Inside Out Walleyes

Starting on the most likely walleye cover and moving deeper is a great method to locating walleyes.

Former FLW Walleye Angler of the Year Paul Meleen divides his time between his original home waters, Minnesota’s legendary Mille Lacs, and his new resort, Leathem Smith Lodge, in Door County Wisconsin.

Meleen has clocked some serious hours on the water since his start in the pro walleye game in the late '80s, and during that time, he’s seen many sleeper tactics for catching ‘eyes.
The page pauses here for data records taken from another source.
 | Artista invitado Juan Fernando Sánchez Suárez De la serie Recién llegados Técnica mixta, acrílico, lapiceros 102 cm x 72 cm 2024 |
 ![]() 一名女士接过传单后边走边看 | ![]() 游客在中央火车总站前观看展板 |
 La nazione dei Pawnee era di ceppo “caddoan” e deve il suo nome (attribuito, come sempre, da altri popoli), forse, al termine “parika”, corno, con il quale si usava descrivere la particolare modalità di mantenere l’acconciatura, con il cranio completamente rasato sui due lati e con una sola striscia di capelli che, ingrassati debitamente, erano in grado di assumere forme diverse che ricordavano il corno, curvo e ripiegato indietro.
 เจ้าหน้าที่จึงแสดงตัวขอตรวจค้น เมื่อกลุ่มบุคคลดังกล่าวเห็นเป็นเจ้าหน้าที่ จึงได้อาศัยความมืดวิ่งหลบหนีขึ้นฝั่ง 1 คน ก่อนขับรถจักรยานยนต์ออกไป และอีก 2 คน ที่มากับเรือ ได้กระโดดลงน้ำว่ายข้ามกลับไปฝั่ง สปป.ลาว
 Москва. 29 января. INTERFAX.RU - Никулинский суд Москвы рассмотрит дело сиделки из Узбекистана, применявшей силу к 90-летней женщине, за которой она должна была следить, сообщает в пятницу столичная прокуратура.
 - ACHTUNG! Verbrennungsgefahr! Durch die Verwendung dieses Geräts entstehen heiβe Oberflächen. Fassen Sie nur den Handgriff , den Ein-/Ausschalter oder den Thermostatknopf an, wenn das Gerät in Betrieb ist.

One of his favorites centers on suspended fish.

“Most anglers miss out because they fish in too small of a box,” he says. “For example, if they’re targeting suspended fish off structure—points or sunken islands—most fishermen assume that, when they lose contact with aggressive fish feeding on top, it’s because the fish moved into deeper water.

“What actually happens in mid-summer through early fall—is those walleyes will maintain the same depth (say 20 or 25 feet) at which they were feeding, but move out over deeper water. They don’t move down.”
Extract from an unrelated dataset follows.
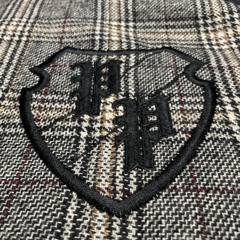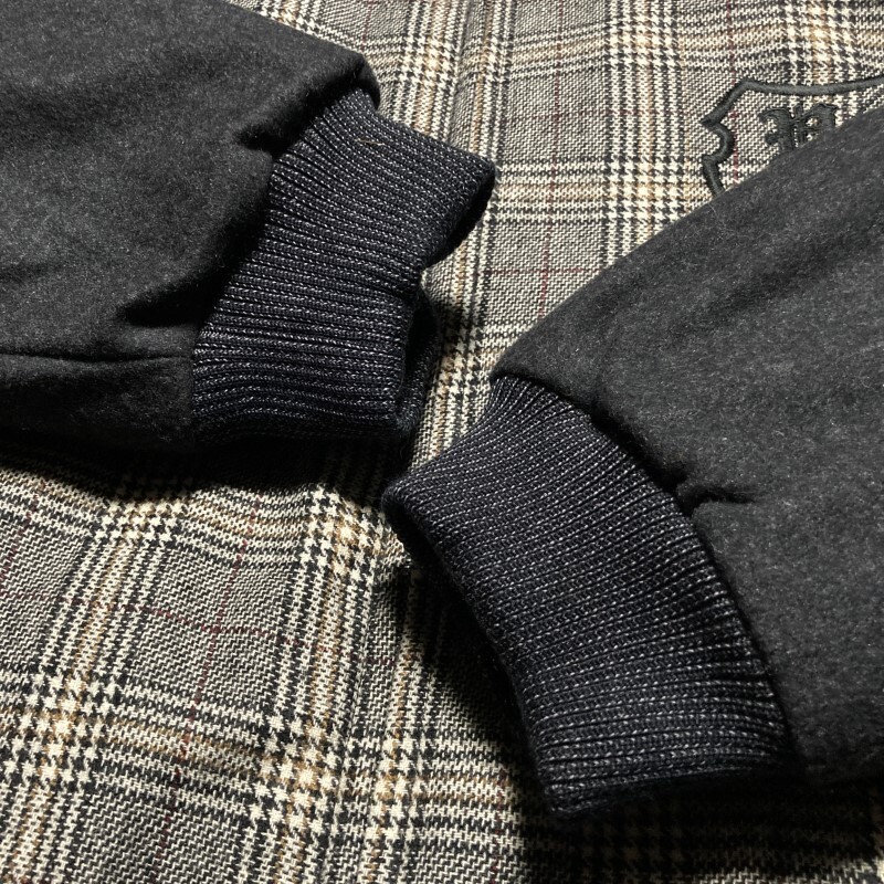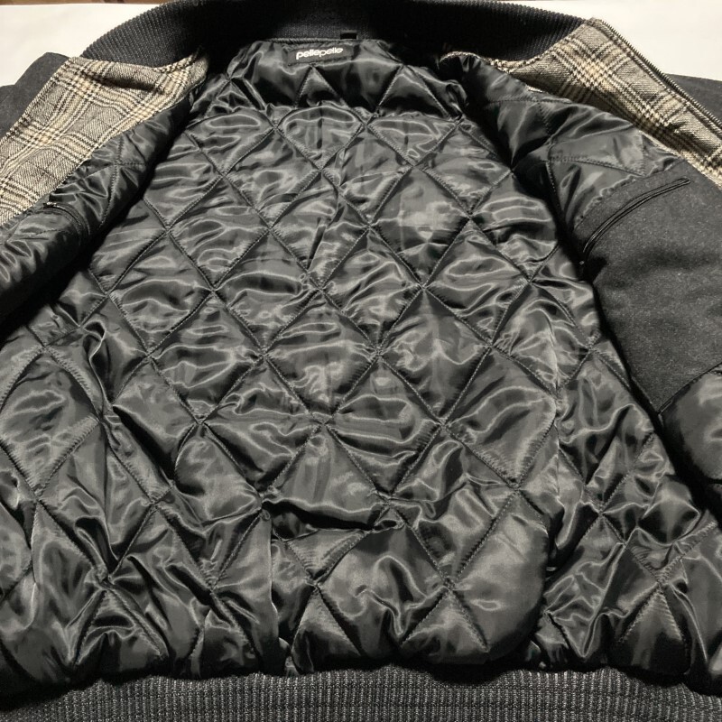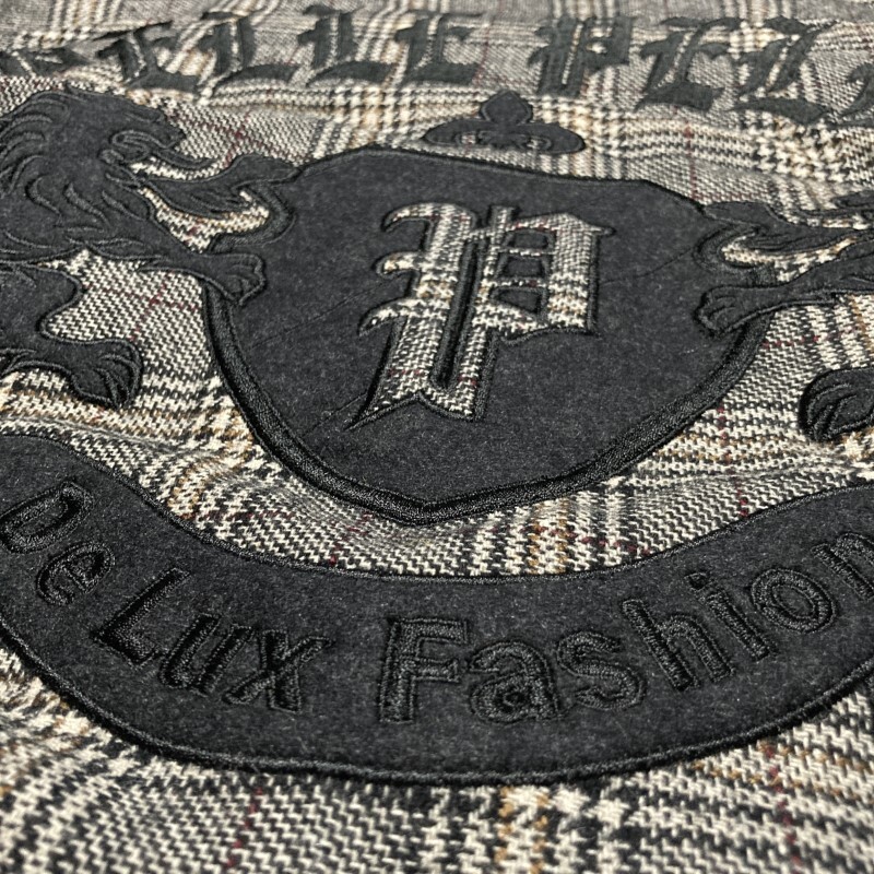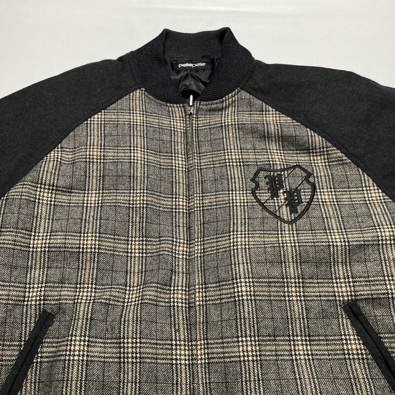 pelle pelle★豪華インパクト★ロゴ&ライオン&エンブレム刺繍 中綿スタジャン グレンチェック&格子チェック 灰 大きいサイズXXL ペレペレ

Given that a well-defined thermocline has typically developed on most large bodies of water by this time of year, this fish behavior shouldn’t come as a surprise. Still, many fishermen never consider that the water below the break is cold, holds little oxygen and is no place a walleye wants to be.

“Most guys will catch a few active fish on a deep point or sunken island, but immediately think they have to move down to the breakline when the action dies,” he says. “Instead, watch your electronics and move to the front end of the structure and out a good distance. More often than not, you’ll find pods of fish that move in and out from the structure to feed, and then rest at the same depth, suspended just above the thermocline over deeper water away from the structure.”

Basically, he starts this ‘inside out” approach by moving the boat slowly over the structure, dropping jig-and-live bait combos and picking up aggressively feeding walleyes. When the action slows, he moves farther out, increasing boat speed to 1 to 1½ mph and switching to a ‘crawler harness or crankbait tethered off the back of a bottom bouncer. While you're not tickling bottom in the classic definition of how most anglers use bottom bouncers, the tool will help you keep your bait running at the proper depth—and in the strike zone.